## WHAT THIS TASK INVOLVES
Only the lines of the data below from the one with "各ゲームのミッションをクリア" through the one with "Escondida en uno" are wanted. Repeat them exactly.

## SOURCE MATERIAL
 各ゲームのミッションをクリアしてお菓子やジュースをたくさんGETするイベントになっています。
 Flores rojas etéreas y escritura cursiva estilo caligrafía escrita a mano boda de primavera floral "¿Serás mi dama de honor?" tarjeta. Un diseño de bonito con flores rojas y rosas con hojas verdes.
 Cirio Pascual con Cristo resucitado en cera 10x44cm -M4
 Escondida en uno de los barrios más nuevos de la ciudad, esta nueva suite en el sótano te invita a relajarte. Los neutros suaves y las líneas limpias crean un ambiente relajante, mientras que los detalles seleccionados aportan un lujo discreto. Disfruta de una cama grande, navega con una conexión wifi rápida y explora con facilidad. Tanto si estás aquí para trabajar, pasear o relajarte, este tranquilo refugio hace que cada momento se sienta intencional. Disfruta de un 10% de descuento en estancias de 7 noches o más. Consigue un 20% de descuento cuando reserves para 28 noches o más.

--

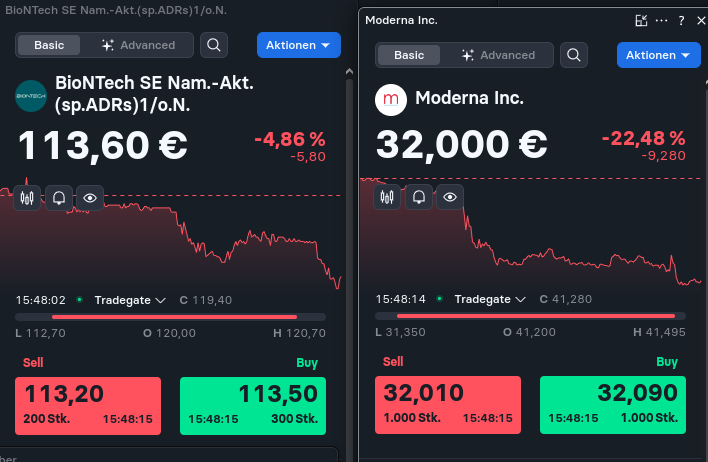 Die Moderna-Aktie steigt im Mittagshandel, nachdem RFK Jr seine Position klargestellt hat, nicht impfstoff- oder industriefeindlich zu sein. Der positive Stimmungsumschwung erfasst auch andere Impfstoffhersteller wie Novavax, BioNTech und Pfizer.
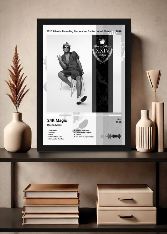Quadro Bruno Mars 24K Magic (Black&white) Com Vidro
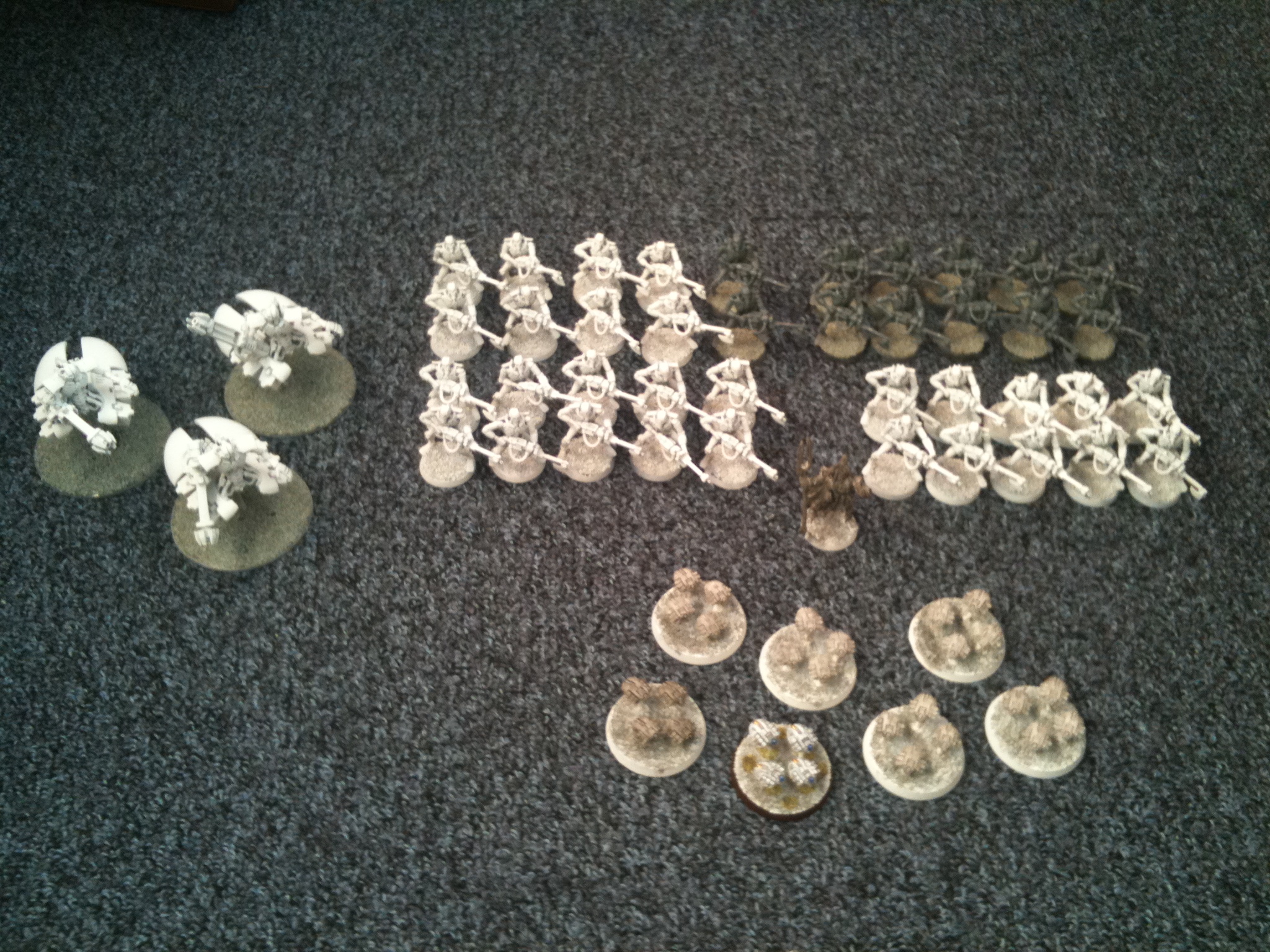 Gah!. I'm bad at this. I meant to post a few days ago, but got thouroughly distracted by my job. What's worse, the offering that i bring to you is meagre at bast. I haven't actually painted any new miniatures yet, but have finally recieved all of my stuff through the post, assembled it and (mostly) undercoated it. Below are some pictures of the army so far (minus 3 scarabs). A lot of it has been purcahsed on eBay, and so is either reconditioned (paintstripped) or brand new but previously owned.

* * *

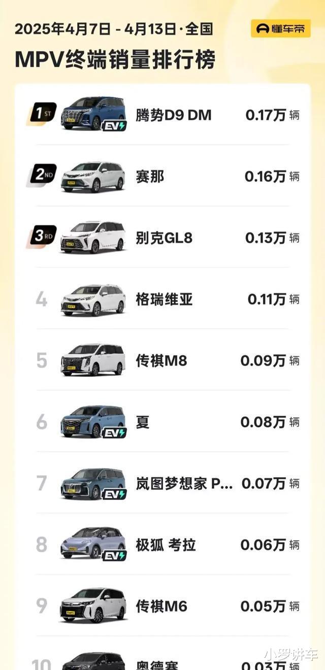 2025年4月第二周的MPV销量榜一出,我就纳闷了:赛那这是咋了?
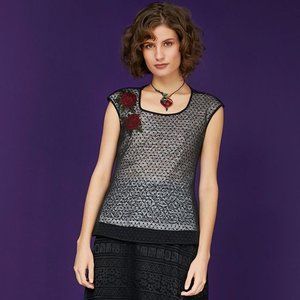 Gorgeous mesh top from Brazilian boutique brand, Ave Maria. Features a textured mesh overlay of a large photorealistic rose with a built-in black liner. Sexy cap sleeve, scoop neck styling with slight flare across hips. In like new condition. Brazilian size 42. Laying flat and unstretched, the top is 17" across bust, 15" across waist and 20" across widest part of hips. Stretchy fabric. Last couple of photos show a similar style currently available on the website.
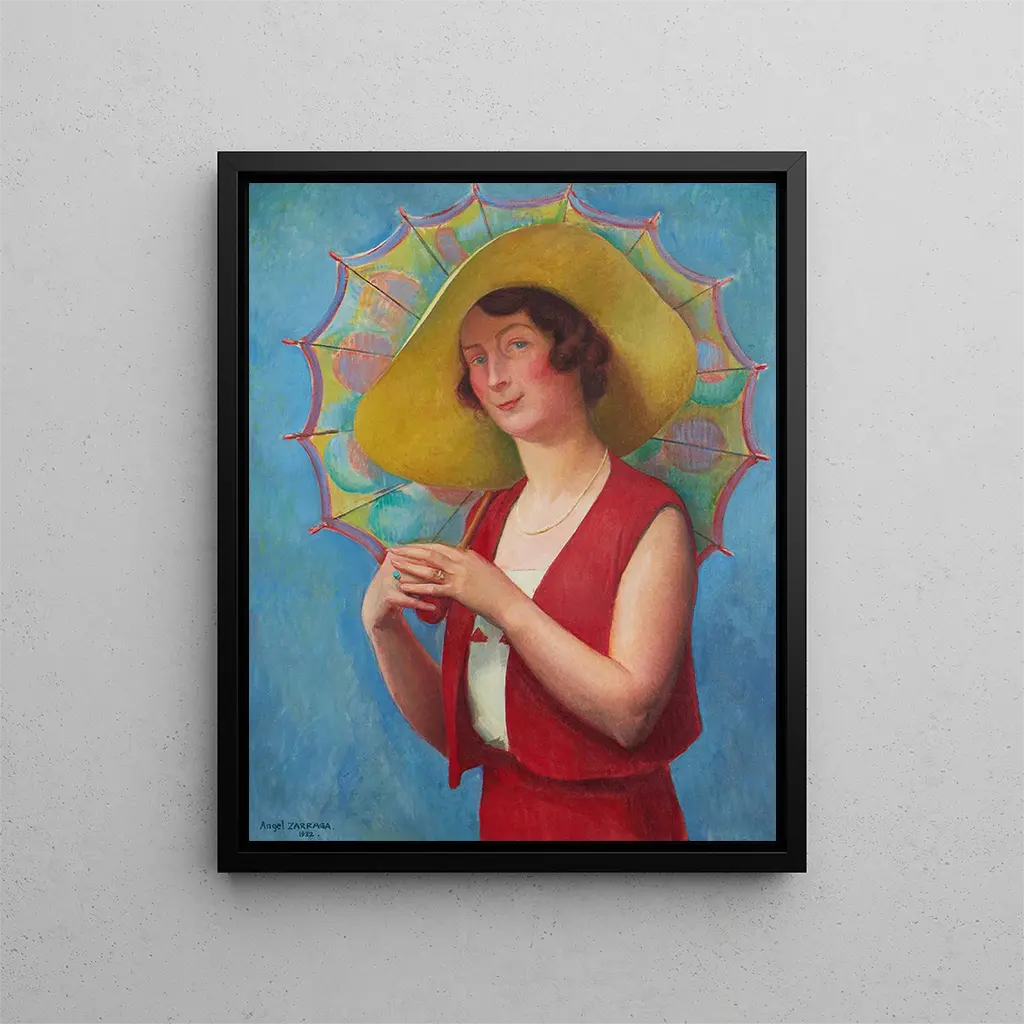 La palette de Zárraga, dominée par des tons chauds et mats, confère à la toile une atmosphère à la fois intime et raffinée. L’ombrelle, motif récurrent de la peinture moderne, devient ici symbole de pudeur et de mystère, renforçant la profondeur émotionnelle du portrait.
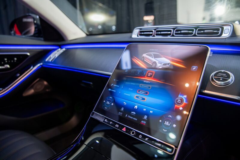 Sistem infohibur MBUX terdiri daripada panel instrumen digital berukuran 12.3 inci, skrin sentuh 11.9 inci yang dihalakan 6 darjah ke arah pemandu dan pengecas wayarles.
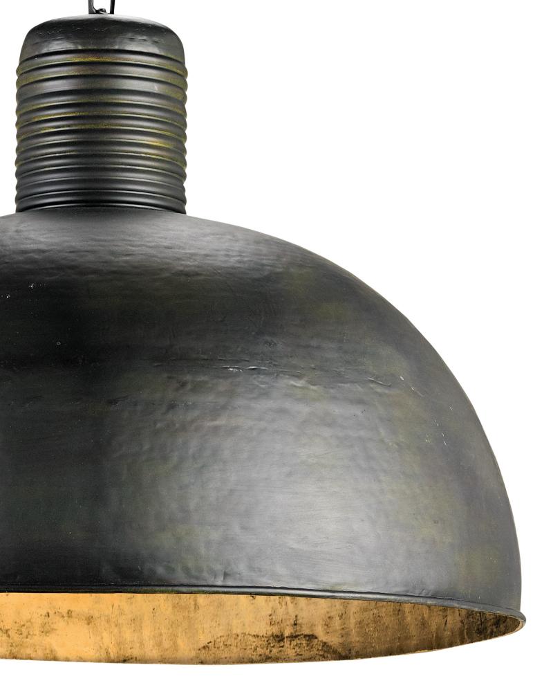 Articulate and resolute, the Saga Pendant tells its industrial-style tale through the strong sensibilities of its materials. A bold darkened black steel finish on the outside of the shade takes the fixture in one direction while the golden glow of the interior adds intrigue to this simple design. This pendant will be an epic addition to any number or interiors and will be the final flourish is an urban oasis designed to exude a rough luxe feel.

## RESPONSE TO THE TASK
 各ゲームのミッションをクリアしてお菓子やジュースをたくさんGETするイベントになっています。
 Flores rojas etéreas y escritura cursiva estilo caligrafía escrita a mano boda de primavera floral "¿Serás mi dama de honor?" tarjeta. Un diseño de bonito con flores rojas y rosas con hojas verdes.
 Cirio Pascual con Cristo resucitado en cera 10x44cm -M4
 Escondida en uno de los barrios más nuevos de la ciudad, esta nueva suite en el sótano te invita a relajarte. Los neutros suaves y las líneas limpias crean un ambiente relajante, mientras que los detalles seleccionados aportan un lujo discreto. Disfruta de una cama grande, navega con una conexión wifi rápida y explora con facilidad. Tanto si estás aquí para trabajar, pasear o relajarte, este tranquilo refugio hace que cada momento se sienta intencional. Disfruta de un 10% de descuento en estancias de 7 noches o más. Consigue un 20% de descuento cuando reserves para 28 noches o más.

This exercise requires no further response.